While the energy conservation benefits of architectural revolving doors have long been understood, their inherent health benefits are becoming more appreciated as urban and airborne pollution levels rise.
This is because revolving doors function beautifully as airlocks, which allow smooth pedestrian flow while saving money on heating, ventilation and air-conditioning (HVAC). On warmer days, they keep expensive cool air in, reducing air-conditioning costs.

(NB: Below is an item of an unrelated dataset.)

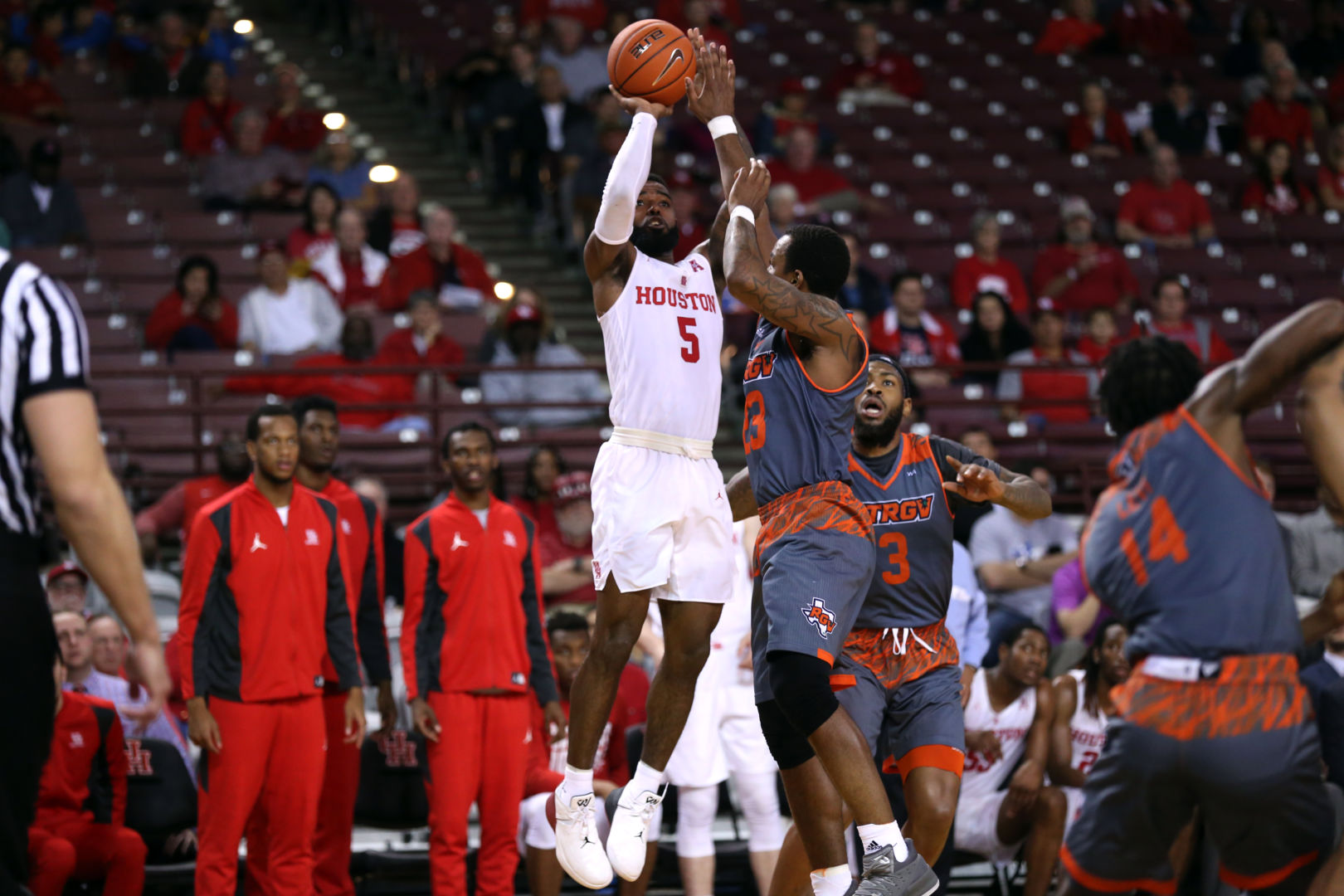 Houston closed out its stay at TSU’s H&PE Arena with a 19-game win streak by beating UT Rio Grande Valley. After not scoring at all in the first half, senior Corey Davis Jr. scored 23 in the second half to help the Cougars win 58-53. | Mikol Kindle Jr./The TSU Herald

In cooler times, they keep cold air out, thereby reducing heating costs.
This ‘Always Open, Always Closed’ principle also works beautifully in helping to exclude a whole host of airborne pollutants, allergens and irritants, both natural and man-made, ranging from traffic particulates, dust, smoke and fumes through to allergens that can aggravate respiratory issues arising seasonally and during different weather conditions.
Keeping airborne pollution out of the built environment
Industrial types of pollution are likely to be worst in urban fringe industrial areas and port areas (such as Botany in Sydney, Altona in Melbourne, the Port of Brisbane and Parmelia near Perth) while inner city and CBD areas cop the worst congestion from the 20 million vehicles now on our roads.

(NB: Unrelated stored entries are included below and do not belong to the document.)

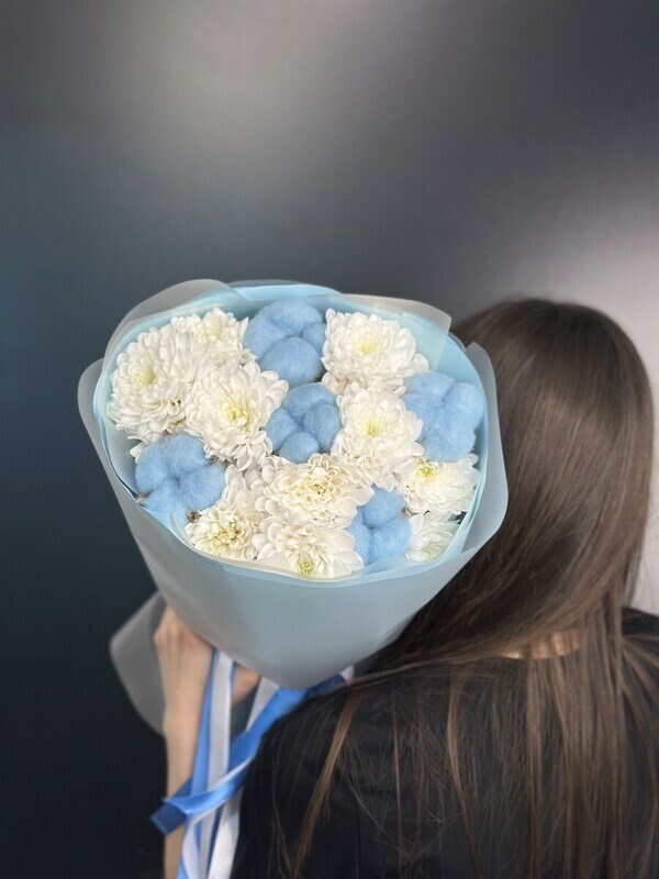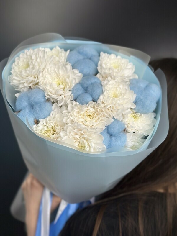 Сборный букет с кустовыми хризантемами и хлопком, стандартный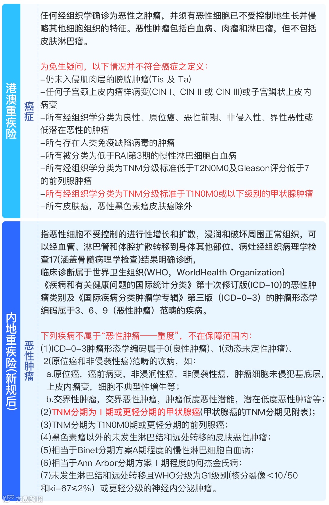 港澳“癌症”定义不需要扩散到身体其他部位,明显较内地扩散转移到身体其他部位更为宽泛。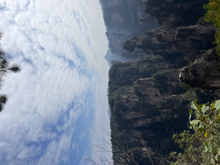 Towering rock formations covered in lush greenery dominate the right side of the frame, their sheer cliffs stretching into the distance. The sky, a blend of blue and white, fills the left half, adorned with scattered clouds. Trees and shrubs are present in the foreground, both on the left and right, adding depth to the scene. The landscape appears to be elevated, providing a sweeping panoramic view.

“Pollution and energy-efficiency have profound sustainability implications of which architects, engineers, builders and building managers and owners are already well-aware. Whether it is an office building, shop, hotel, educational or health facility, specifiers and building operators appreciate there is a duty of care to keep their buildings healthy,” says Boon Edam Australia managing director Michael Fisher.
“We don’t pretend for a moment that one solution can be a silver bullet for interior sustainability issues – this is a multi-tiered issue – but we do say that revolving doors have inherent advantages that increasingly suit our built environments.
“You often hear doctors advising people to stay indoors during times of high pollution or weather that stirs up allergens including pollen, which can particularly affect people suffering from hay fever (allergic rhinitis), which affects about 18 percent of people in Australia and New Zealand.”
Always open, always closed
Boon Edam is making available features to optimise the inherent HVAC and pollution exclusion advantages of revolving doors. In Australasia (including Australia, New Zealand and Papua New Guinea), the company is also offering OEM-standard maintenance packages that optimise the HVAC performance and operating durability of revolving doors.
Because revolving doors cut off the air path between the outside of the building and the inside – compared with a sliding door, for instance – the savings they make on the HVAC costs of larger buildings are substantial, says Fisher.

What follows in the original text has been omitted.